Single by Kimbra

from the album Vows
- Released: 2012
- Recorded: 2011
- Genre: Funk rock; indie pop;
- Length: 4:38
- Label: Warner Bros.
- Songwriters: Kimbra; Keith Ciancia; Sonny J Mason;

Kimbra singles chronology
| "Two Way Street" (2012) | "Come into My Head" (2012) | "90s Music" (2014) |

Music video
- "Come into My Head" on YouTube

= Come into My Head =

2012 single by Kimbra

"Come into My Head" is a song performed and co-written by New Zealand recording artist Kimbra, issued as the sixth and final single from her debut studio album Vows.
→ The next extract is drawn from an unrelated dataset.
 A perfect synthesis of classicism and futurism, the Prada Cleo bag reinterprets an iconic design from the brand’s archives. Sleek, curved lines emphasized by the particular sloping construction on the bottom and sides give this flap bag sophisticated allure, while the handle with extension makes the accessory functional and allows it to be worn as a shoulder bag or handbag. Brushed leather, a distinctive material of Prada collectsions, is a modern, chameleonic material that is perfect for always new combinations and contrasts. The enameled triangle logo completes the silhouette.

Although no physical single was released for the song, a music video was released, directed by Guy Franklin.

==Background and music video==
Kimbra told American Songwriter that she was "particularly excited" by the song because "it was sort of my moment to get really indulgent musically, and throw in lots of key changes and interesting rhythmic moments." She added: "it's one of the more lyrically aggressive tracks on the record and has some really fun turnarounds and surprises." Deantoni Parks (then of The Mars Volta) plays drums on the song.
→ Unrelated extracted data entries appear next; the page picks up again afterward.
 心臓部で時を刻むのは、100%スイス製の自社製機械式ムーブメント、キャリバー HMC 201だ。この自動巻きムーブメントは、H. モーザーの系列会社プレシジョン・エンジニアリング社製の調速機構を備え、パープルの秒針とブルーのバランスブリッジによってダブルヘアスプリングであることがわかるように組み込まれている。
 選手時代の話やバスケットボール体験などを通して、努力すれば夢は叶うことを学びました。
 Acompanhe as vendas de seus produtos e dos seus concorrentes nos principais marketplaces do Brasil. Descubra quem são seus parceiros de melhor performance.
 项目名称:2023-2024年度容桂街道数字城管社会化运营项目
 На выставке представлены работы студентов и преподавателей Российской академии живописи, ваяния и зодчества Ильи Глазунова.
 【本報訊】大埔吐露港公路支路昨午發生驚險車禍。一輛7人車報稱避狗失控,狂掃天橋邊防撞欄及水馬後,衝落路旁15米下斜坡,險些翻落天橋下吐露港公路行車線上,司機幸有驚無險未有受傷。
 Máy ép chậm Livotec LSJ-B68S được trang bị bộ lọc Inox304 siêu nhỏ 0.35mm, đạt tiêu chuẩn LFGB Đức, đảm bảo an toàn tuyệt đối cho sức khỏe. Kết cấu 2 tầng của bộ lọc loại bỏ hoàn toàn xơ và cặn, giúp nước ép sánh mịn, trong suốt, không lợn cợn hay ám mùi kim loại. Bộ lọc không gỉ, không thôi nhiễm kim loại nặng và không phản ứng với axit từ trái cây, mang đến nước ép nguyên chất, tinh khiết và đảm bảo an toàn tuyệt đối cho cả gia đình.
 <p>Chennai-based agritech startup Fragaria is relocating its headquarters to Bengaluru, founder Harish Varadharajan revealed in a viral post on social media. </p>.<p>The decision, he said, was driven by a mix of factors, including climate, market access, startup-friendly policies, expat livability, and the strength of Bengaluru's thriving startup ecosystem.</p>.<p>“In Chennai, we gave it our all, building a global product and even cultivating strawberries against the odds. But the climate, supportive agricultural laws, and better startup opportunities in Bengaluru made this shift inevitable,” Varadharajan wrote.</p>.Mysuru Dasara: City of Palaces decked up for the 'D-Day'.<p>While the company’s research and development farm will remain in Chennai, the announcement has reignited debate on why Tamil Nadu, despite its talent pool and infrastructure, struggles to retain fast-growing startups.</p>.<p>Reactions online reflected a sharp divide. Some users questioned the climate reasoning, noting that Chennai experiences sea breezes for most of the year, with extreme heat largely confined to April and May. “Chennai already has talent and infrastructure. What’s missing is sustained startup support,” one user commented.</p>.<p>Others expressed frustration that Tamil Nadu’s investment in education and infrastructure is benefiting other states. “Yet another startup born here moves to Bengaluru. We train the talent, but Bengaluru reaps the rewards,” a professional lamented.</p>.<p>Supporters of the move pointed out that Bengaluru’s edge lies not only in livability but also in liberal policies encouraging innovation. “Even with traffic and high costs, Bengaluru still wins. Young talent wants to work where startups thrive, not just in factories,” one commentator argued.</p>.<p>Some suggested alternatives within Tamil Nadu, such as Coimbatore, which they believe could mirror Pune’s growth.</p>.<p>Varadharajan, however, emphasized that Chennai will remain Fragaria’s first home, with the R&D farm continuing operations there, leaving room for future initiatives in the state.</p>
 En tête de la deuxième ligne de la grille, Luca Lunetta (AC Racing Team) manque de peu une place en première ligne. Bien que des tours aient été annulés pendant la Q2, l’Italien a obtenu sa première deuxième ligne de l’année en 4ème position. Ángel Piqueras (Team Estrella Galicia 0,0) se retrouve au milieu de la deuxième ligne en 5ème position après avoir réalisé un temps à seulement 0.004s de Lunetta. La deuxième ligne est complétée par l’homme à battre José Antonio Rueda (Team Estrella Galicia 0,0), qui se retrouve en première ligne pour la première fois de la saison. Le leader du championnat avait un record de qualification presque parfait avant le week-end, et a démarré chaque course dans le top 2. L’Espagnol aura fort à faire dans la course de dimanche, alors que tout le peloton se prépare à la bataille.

The music video for "Come into My Head" was released in September 2012. Directed by Guy Franklin, it features Kimbra as a psychiatric hospital patient being examined by a doctor. The video cuts between a tranquil interview session environment and frenzied dance sequences.
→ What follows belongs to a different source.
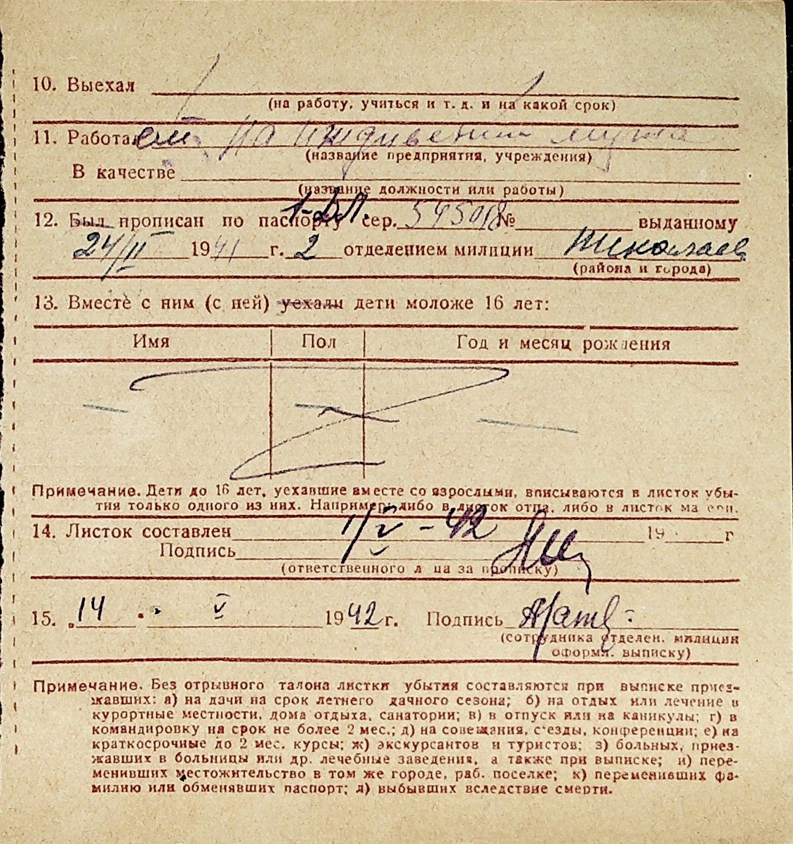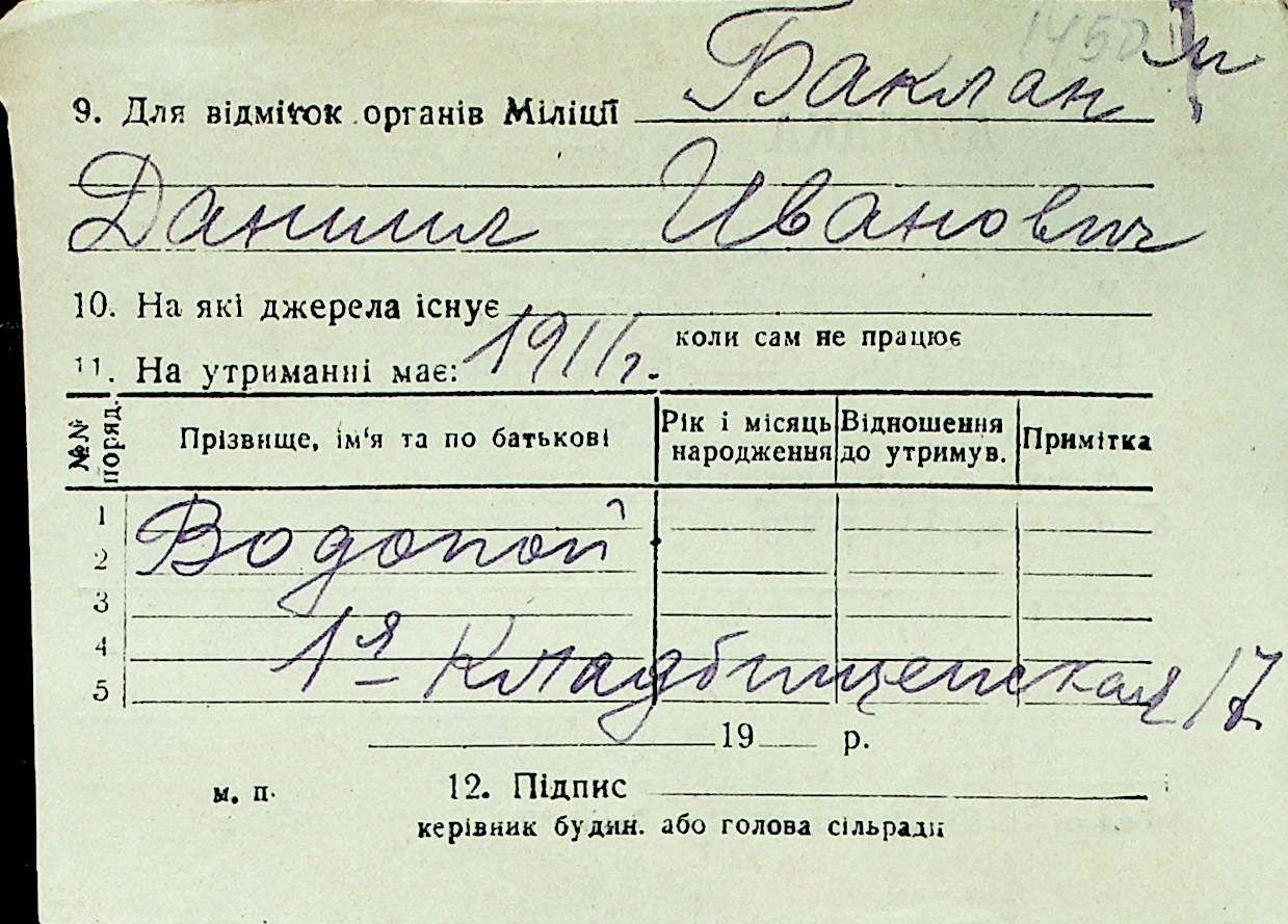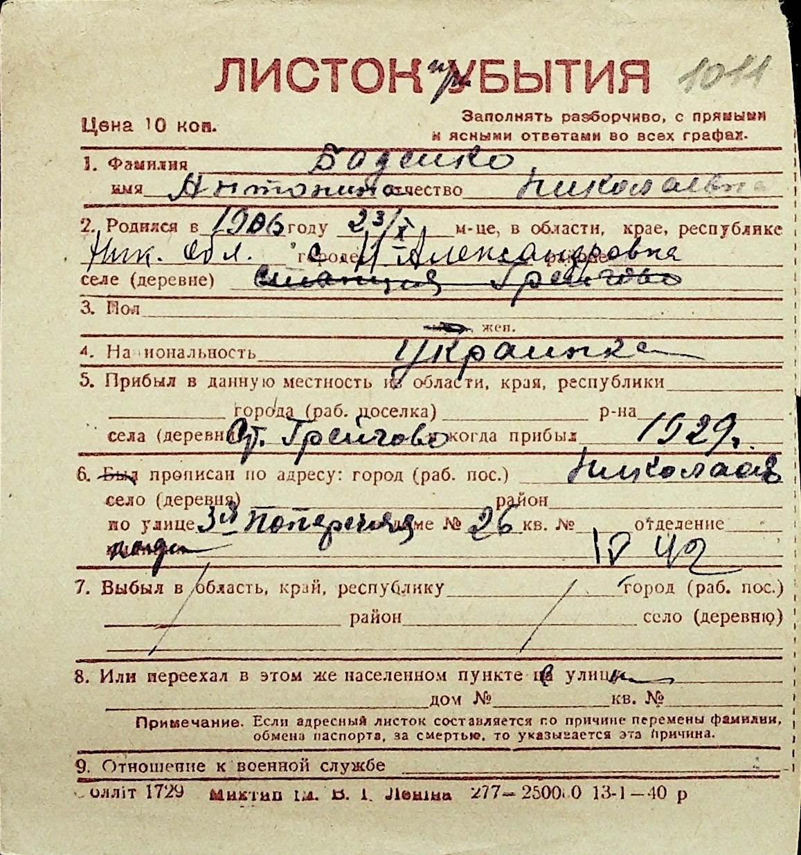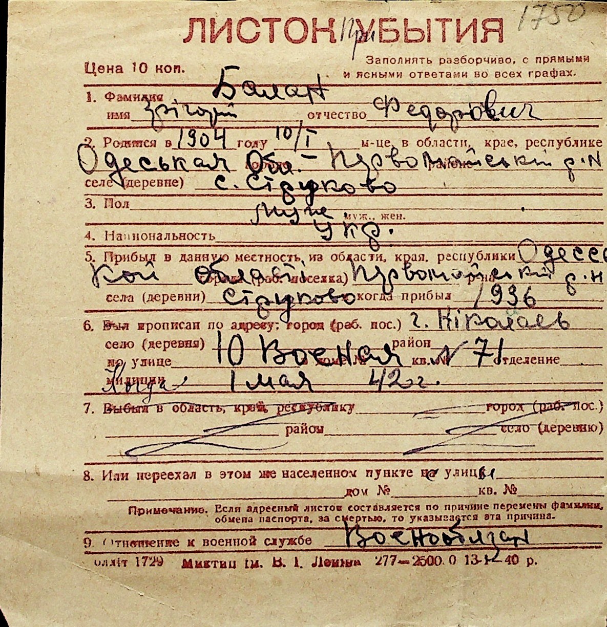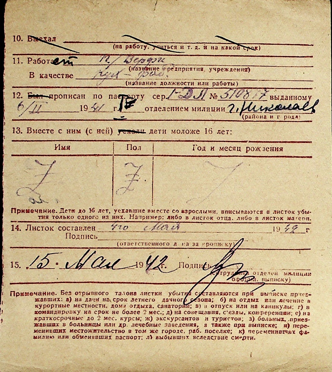 ◦ ◦ Перелік карток на осіб, які мешкали у м. Миколаїв у період окупації 1941–1944 років

"Come into My Head" was also featured during the end credits and on the soundtrack for the 2013 film The Heat, and featured in the soundtrack for the EA Sports video game, FIFA 13.

==Critical reception==
The song has received positive reviews from critics. Cole Waterman of PopMatters stated that the song has "funk swagger" and that Kimbra is "at her sauciest" in the song. Jens Ulvedahl Carlsen of Sound of Jens gave the song an A+ rating and also felt that the song is better than Kimbra's previous single, "Two Way Street". Erin Brady of Interview magazine wrote: "Blending elements of pop and '70s funk with expansive vocals, 'Come Into My Head' ricochets from relative calm to full-blown groove as effortlessly as it does from interior to exterior, imagination to actuality."